[What needs to be done]
Exactly the lines from the start of the data through the line containing "忻州城區(qū)公共供水水源" should be output, with both ends kept and nothing added.

┏━━

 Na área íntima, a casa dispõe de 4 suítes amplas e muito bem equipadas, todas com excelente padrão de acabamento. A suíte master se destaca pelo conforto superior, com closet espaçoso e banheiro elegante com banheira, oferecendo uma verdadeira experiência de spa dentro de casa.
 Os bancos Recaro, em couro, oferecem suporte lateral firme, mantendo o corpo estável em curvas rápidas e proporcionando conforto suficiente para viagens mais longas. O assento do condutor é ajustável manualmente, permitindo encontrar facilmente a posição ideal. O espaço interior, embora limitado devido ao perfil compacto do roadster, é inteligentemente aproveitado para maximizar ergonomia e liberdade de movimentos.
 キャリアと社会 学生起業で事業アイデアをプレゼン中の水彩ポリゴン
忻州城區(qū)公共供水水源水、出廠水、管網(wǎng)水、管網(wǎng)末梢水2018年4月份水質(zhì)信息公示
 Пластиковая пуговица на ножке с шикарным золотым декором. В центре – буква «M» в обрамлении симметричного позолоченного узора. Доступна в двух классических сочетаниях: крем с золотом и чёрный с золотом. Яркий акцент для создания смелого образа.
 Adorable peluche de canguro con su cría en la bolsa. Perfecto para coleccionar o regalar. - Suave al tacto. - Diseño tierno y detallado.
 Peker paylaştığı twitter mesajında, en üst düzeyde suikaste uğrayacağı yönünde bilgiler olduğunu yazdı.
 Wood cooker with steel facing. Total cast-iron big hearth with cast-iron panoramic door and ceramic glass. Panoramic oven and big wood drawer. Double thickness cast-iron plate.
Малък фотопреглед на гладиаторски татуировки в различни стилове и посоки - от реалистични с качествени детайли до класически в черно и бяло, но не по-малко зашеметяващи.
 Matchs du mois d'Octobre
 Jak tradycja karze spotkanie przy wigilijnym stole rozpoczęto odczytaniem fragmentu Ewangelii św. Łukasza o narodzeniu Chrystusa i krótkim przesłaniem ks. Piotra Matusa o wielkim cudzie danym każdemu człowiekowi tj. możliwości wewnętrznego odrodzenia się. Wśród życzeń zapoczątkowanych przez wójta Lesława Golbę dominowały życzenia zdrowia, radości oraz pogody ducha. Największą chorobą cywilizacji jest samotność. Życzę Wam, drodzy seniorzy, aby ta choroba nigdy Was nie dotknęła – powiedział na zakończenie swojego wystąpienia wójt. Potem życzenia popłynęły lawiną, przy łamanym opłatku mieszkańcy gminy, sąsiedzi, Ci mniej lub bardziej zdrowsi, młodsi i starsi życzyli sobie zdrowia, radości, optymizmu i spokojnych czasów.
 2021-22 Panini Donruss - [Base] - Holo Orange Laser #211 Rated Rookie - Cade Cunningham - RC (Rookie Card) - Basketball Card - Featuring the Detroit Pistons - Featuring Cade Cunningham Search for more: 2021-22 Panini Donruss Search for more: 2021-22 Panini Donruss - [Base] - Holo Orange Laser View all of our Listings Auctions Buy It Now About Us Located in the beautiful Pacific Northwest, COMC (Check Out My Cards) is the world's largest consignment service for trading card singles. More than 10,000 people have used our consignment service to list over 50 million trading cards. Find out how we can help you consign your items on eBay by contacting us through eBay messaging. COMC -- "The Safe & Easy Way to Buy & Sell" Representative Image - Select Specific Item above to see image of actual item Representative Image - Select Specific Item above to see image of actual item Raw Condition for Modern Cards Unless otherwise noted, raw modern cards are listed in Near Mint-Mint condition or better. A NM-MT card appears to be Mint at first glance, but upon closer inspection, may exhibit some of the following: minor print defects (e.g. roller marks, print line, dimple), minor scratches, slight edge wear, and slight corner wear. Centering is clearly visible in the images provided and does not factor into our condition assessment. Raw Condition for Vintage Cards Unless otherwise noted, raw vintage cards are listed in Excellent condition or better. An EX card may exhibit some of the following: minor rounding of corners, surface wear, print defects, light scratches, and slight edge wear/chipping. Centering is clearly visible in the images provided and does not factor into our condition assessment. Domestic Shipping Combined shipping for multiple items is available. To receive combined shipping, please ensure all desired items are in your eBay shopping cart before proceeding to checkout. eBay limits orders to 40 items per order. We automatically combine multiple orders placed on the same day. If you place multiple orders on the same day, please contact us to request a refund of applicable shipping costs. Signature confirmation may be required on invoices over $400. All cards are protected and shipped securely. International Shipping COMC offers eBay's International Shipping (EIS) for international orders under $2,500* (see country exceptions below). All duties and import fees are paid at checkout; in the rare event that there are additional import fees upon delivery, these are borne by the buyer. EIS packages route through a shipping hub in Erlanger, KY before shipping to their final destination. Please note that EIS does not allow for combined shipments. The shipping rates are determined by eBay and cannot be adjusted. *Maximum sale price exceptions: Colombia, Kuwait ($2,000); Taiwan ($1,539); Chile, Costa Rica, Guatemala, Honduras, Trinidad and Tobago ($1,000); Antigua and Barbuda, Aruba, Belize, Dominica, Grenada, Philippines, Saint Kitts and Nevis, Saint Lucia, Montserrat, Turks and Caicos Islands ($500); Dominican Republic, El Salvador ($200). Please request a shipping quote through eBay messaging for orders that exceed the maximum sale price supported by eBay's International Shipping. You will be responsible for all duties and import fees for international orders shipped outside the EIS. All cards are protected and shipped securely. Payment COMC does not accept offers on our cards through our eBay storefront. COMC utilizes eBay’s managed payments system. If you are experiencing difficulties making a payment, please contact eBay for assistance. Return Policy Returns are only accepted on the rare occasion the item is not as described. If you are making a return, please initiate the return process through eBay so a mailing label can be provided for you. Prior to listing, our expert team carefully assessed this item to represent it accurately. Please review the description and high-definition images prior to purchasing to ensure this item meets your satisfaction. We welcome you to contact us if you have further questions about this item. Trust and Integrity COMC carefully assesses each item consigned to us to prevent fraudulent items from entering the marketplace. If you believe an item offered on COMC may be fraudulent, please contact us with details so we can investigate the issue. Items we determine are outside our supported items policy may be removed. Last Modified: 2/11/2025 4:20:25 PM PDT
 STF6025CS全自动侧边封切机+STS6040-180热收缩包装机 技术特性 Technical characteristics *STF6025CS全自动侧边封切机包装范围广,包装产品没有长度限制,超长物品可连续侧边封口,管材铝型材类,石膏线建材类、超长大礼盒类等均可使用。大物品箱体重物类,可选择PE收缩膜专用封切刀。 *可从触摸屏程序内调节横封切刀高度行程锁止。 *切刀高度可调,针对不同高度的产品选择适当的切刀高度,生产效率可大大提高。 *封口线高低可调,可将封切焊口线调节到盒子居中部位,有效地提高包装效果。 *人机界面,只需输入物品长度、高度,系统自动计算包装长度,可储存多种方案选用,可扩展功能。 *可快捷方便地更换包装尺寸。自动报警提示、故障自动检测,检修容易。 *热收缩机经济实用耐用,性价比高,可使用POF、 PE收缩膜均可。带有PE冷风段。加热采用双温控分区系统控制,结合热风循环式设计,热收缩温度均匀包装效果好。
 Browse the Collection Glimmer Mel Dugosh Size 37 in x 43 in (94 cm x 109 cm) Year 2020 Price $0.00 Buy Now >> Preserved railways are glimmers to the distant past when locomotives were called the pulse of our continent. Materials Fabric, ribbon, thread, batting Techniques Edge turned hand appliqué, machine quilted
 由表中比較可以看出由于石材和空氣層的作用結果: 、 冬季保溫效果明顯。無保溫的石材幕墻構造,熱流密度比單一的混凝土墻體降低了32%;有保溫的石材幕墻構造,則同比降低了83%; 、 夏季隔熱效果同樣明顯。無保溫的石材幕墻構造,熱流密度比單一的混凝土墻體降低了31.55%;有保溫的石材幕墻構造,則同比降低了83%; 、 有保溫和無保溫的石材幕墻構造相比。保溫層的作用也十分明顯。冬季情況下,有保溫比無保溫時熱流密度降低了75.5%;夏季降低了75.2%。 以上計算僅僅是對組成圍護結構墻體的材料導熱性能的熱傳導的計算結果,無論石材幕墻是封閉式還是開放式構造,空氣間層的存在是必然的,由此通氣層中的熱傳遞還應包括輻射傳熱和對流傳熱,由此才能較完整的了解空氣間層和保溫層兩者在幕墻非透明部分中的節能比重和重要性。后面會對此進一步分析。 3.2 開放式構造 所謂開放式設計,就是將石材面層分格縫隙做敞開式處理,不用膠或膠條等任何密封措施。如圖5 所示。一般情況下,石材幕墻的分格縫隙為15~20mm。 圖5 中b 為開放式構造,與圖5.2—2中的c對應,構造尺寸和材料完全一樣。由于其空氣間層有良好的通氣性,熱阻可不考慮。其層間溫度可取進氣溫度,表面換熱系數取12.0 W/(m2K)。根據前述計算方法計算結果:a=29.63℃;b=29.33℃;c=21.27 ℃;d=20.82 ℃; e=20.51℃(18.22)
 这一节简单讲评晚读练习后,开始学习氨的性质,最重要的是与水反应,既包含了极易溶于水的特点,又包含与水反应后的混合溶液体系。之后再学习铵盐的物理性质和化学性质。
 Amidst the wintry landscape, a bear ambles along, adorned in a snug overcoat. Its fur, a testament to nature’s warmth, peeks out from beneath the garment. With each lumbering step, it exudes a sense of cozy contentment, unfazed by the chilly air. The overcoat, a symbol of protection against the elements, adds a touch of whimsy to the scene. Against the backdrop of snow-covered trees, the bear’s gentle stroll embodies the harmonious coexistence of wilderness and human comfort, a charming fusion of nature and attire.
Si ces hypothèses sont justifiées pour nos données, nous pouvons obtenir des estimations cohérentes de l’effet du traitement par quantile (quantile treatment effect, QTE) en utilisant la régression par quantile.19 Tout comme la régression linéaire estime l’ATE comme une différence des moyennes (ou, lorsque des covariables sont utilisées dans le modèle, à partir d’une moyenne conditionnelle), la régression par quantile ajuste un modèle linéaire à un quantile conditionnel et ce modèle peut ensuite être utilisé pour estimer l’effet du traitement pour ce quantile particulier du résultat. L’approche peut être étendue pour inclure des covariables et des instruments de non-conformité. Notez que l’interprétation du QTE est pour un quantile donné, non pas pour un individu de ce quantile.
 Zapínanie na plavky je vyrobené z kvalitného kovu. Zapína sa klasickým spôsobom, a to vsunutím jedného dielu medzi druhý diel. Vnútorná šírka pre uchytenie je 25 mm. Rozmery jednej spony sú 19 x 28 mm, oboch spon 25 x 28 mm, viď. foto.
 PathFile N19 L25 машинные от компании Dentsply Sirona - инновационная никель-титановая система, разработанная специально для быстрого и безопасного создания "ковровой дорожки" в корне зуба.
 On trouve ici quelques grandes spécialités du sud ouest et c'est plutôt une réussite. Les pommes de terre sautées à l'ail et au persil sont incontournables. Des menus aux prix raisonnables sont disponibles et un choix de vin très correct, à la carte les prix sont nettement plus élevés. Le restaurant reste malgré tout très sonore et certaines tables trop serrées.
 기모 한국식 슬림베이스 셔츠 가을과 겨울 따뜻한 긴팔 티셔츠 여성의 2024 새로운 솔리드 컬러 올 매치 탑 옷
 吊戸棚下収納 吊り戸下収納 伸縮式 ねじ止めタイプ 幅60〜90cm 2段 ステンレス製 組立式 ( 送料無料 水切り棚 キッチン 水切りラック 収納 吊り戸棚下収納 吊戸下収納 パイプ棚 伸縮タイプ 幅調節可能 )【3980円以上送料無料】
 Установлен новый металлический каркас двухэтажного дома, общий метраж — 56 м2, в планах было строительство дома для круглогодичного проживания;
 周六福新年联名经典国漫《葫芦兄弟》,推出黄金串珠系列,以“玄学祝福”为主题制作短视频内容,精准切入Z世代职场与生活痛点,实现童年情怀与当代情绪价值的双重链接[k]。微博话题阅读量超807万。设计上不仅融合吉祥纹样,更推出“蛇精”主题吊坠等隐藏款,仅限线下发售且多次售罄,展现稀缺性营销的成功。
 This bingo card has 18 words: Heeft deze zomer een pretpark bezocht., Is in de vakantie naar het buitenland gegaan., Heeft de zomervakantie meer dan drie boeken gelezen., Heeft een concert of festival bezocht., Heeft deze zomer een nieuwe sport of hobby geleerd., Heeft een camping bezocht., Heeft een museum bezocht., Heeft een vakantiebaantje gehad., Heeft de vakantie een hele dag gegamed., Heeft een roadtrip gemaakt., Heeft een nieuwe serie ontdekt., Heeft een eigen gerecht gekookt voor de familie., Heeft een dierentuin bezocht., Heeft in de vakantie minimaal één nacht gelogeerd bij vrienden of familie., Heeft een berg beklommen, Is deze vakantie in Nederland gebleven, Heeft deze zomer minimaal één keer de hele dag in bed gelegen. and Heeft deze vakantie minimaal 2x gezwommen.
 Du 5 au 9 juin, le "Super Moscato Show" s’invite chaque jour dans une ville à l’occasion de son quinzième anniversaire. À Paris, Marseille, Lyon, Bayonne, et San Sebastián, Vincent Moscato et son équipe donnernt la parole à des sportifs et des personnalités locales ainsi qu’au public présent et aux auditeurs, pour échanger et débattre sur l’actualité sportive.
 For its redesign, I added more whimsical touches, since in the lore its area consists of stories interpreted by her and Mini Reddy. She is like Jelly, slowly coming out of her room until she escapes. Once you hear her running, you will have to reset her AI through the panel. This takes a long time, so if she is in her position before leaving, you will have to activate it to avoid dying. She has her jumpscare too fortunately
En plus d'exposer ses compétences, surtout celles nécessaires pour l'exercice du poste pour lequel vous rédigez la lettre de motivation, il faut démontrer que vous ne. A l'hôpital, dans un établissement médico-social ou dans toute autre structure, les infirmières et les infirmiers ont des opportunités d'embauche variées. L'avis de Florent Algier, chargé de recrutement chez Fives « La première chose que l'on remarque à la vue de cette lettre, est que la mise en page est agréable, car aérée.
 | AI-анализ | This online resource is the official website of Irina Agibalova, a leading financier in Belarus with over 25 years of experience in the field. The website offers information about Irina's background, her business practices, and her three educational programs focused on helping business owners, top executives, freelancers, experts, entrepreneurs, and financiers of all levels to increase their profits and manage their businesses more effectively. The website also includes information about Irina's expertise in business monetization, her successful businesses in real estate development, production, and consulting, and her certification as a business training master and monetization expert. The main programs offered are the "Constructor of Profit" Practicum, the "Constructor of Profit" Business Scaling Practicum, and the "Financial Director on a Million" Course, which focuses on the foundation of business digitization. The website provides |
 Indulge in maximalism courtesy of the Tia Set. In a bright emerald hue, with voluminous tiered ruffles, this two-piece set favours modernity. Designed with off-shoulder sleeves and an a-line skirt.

┗━━

[Task result]
 Na área íntima, a casa dispõe de 4 suítes amplas e muito bem equipadas, todas com excelente padrão de acabamento. A suíte master se destaca pelo conforto superior, com closet espaçoso e banheiro elegante com banheira, oferecendo uma verdadeira experiência de spa dentro de casa.
 Os bancos Recaro, em couro, oferecem suporte lateral firme, mantendo o corpo estável em curvas rápidas e proporcionando conforto suficiente para viagens mais longas. O assento do condutor é ajustável manualmente, permitindo encontrar facilmente a posição ideal. O espaço interior, embora limitado devido ao perfil compacto do roadster, é inteligentemente aproveitado para maximizar ergonomia e liberdade de movimentos.
 キャリアと社会 学生起業で事業アイデアをプレゼン中の水彩ポリゴン
忻州城區(qū)公共供水水源水、出廠水、管網(wǎng)水、管網(wǎng)末梢水2018年4月份水質(zhì)信息公示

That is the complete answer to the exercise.